Summary: Part one of a three part series on Marriage

Today is a day to thank God for mothers! Mom the work that you do is invaluable, important, and priceless! Thank you for all you do!

Moms are important to the health, well-being, and sanity of families as evidenced by a recently released correspondence that took place in an anonymous American home. It is entitled, “When Mom Gets Sick.”

Monday A.M.

Dearest: Sleep late. Everything under control. Lunches packed. Kids off to school. Menu for dinner planned. Your lunch is on a tray in refrigerator: fruit cup, finger-sandwiches. Thermos of hot tea by bedside. See you around six.

Tuesday A.M.

Honey: Sorry about the egg rack in the refrigerator. Hope you got back to sleep. Did the kids tell you about the Coke I put in the thermoses? The school might call you on this. Dinner may be a little late. I’m doing your door-to-door canvas for liver research. Your lunch is in refrigerator. Hope you like leftover chili.

Wednesday A.M.

Dear Doris: Why in the name of all that is sane would you put soap powder in the flour canister! If you have time, could you please come up with a likely spot for Chris’s missing shoes? We’ve checked the clothes hamper, garage, and back seat of the car and wood box.
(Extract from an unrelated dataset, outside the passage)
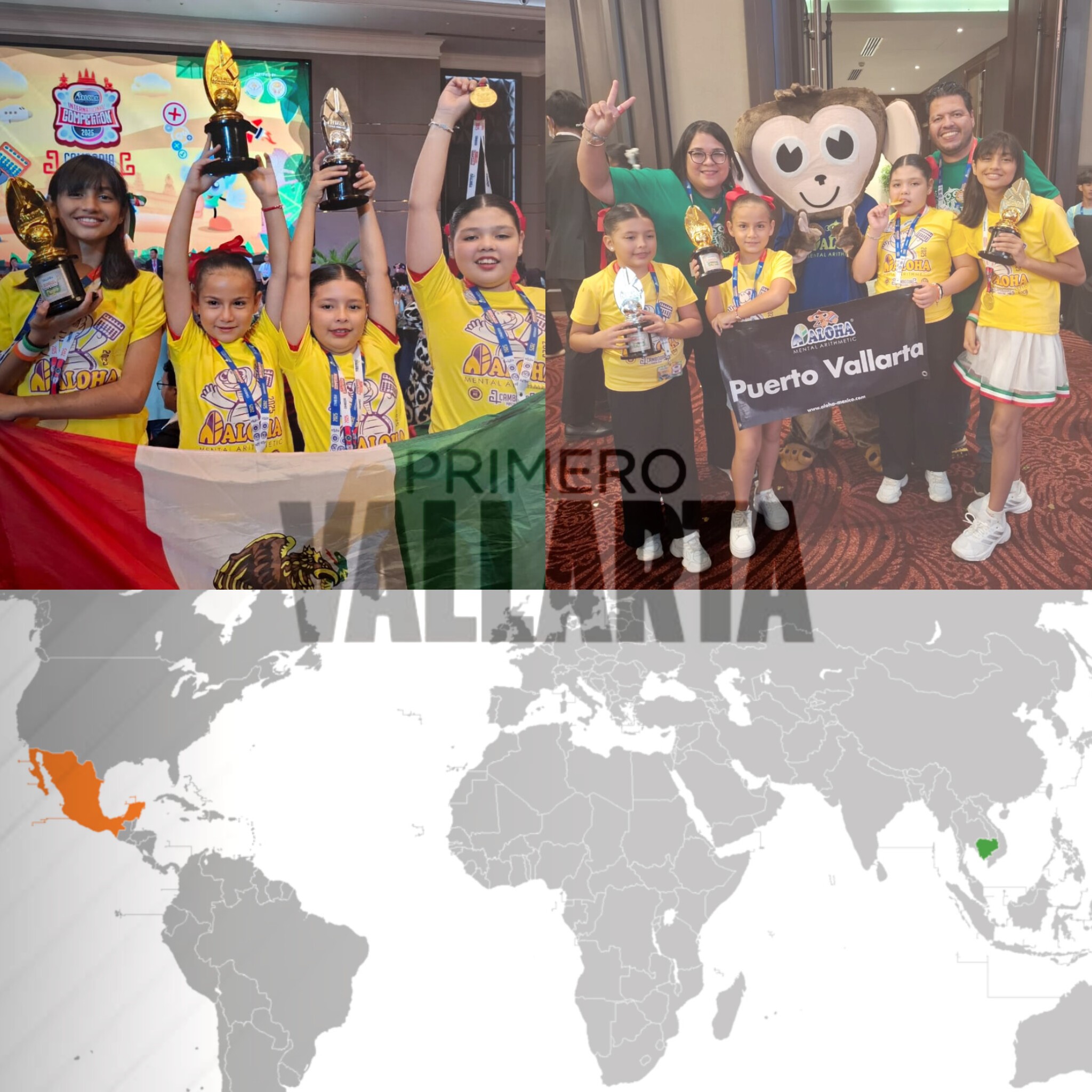 Cuatro talentosas niñas de Puerto Vallarta, Melody, Ivanna, Luciana y Aranza, representaron con orgullo a su ciudad en el Campeonato Internacional de Cálculo Mental de ALOHA, celebrado en Camboya. Más de 700 estudiantes de 17 países participaron en el concurso, y las niñas vallartenses destacaron con sus habilidades y precisión.

Did you know the school has rules about bedroom slippers? There’s some cold pizza for you in a napkin in the oven drawer. Will be late tonight. Driving eight Girl Scouts to tour meatpacking house.

Thursday A.M.

Doris: Don’t panic over water in hallway. It crested last night at 9 P.M. Will finish laundry tonight. Please pencil in answers to following:

1. How do you turn on the garbage disposal? I thought it was automatic. Guess not.

2. How do you turn off the milkman?

3. Why would that rotten kid leave his shoes in his boots?

4. What do you do with leftovers when they begin to snap at you when you open the refrigerator door?

I don’t know what you’re having for lunch! Surprise me!

Friday A.M.

Hey: Don’t drink from pitcher by the sink. Am trying to restore pink dress shirt to original white. Take heart. Tonight, the ironing will be folded, house cleaned and dinner on time...I called your mother.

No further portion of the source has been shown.